3) Al-Nazzam murid Abu Huzail al-Allaf{777 M di Basra, Irak sampai 845 M di
Irak}
Pendapatnya yang terpenting adalah mengenai keadilan Tuhan. Karena T
uhan itu Maha adil, maka ia tidak berkuasa untuk berlaku dzalim. Pendapatnya
ini lebih ekstrim jauh dari gurunya, Al-Allaf.
Jika Al-Allaf mengatakan bahwa Tuhan mustahil berbuat dzalim kepada
hambanya, maka An-Nazzam menegaskan bahwa hal itu bukanlah hal yang
mustahil, bahkan Tuhan tidak mempunyai kemampuan untuk berbuat dzalim.
Ia berpendapat bahwa perbuatan dzalim hanya dilakukan oleh orang yang
bodoh dan tidak sempurna, sedangkan Tuhan jauh dari keadaan yang demikian.

4) Abu Hasyim al-Jubba’i (849/235 H di Khuzestan ,Iran - 915 M/ 303 H di Basra


Iran ).
Al-Jubba’I ialah guru Abu Hasan al- Asy’ari pendiri aliran Asy’ariah.
Pendapatnya yang masyhur adalah mengenai kalam Allah, sifat Allah, kewajiban
manusia, dan daya akal. Ia mengatakan bahwa Allah tidak mempunyai sifat.

5) Al-Jahiz (781 M /160 H di Basra,Irak sampai 868 M di Basra, Irak)

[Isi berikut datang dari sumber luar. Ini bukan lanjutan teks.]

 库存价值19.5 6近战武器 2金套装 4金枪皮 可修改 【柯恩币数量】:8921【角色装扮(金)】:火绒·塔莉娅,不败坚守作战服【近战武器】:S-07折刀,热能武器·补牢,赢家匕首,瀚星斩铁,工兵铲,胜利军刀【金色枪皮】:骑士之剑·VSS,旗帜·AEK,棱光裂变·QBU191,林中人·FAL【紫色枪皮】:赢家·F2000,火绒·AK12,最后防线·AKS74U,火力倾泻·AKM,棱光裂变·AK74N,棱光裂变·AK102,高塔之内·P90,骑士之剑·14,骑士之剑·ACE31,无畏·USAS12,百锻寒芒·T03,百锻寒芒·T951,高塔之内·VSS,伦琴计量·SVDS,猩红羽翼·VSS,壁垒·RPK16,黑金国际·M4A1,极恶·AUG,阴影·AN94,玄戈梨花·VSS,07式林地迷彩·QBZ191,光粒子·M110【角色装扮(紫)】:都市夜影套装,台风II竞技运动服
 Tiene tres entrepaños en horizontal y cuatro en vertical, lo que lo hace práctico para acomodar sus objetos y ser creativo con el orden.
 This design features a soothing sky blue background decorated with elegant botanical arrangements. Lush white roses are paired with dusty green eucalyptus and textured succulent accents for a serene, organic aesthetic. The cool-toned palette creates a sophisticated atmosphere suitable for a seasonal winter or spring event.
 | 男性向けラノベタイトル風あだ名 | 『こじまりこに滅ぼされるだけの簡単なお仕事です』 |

Al- Jahiz Abu Usman bin Bahar mengemukakan paham kepercayaan akan
hukum alam (naturalism) yang oleh aliran Mu’tazilah disebut Sunatullah. Ia
menjelaskan bahwa perbuatan-perbuatan manusia tidaklah sepenuhnya
diwujudkan oleh manusia itu sendiri, melainkan ada pengaruh hukum alam.

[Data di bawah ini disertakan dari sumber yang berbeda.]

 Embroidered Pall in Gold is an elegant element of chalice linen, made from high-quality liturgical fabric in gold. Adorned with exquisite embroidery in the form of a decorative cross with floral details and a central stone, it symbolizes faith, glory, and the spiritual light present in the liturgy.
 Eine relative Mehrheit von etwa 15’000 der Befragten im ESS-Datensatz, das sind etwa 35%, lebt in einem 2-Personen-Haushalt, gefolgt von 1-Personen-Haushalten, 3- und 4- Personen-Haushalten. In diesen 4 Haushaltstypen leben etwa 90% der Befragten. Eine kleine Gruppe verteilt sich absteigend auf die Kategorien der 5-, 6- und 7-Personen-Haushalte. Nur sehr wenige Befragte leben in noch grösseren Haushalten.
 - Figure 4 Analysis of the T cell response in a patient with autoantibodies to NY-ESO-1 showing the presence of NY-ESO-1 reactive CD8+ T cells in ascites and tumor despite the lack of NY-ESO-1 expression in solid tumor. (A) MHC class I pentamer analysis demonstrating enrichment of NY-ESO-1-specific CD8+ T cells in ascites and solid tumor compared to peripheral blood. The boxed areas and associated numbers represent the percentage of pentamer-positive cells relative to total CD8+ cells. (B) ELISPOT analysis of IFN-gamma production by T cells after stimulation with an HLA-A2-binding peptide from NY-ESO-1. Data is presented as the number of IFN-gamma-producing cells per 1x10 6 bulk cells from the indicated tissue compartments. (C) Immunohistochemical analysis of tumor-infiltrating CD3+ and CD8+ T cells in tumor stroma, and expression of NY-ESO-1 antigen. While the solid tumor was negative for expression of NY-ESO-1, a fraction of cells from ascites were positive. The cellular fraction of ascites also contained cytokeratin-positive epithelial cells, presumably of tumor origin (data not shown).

6) Mu’amar bin Abbad (728 sampai 824 M)


Pendapatnya tentang kepercayan pada hukum alam dan pendapatnya ini
sama dengan pendapat Al-Jahiz. Ia mengatakan bahwa Tuhan hanya menciptakan
benda-benda materi.

Adapun sesuatu yang datang pada benda-benda itu adalah hasil dari
hukum alam. Contohnya, jika sebuah batu dilontarkan ke air maka gelombang air
yang dihasilkan oleh batu yang dilempar merupakan hasil dari kreasi batu itu
sendiri bukan hasil ciptaan atau kehendak Tuhan.

7) Bisyr al- Mu’tamir (767 M /150 H di Merv sampai 841 M/ 227 H di Baghdad )
Ajarannya yang penting menyangkut pertanggungjawaban perbuatan
manusia. Seorang yang berdosa besar kemudian bertobat, lalu mengulangi lagi
perbuatan dosa besar, akan mendapan siksa ganda, meskipun ia telah bertobat
atas dosa besarnya yang terdahulu.

8) Abu Musa al-Mudrar


Al- Mudrar dianggap sebagai pemimpin Mu’tazilah yang sangat ekstrim,
karena pendapatnya yang mudah mengkafirkan orang lain. Menurut Asy
Syahrastani, Al-Mudrar menuduh semua orang kafir yang mempercayai
keqadiman Al-qur’an. Al Mudrar juga mengatakan bahwa di akhirat Allah tidak
dapat dilihat.
Ajaran Mu’tazilah pada dasarnya adalah lebih mengedepankan akal dari
pada wahyu, sehingga mereka mengandalkan rasionalitas. Dan pada faktanya
didalam diri aliran mereka sendiri banyak sekali perbedaan pandangan pokok.
Dan itu salah satu bukti bahwa dokktrin dan pandangan mereka bisa dikatakan
sesat dan menyesatkan. Seperti pandangan bahwa semua perbuatan manusia
tidak ada sangkut pautnya dengan Tuhan.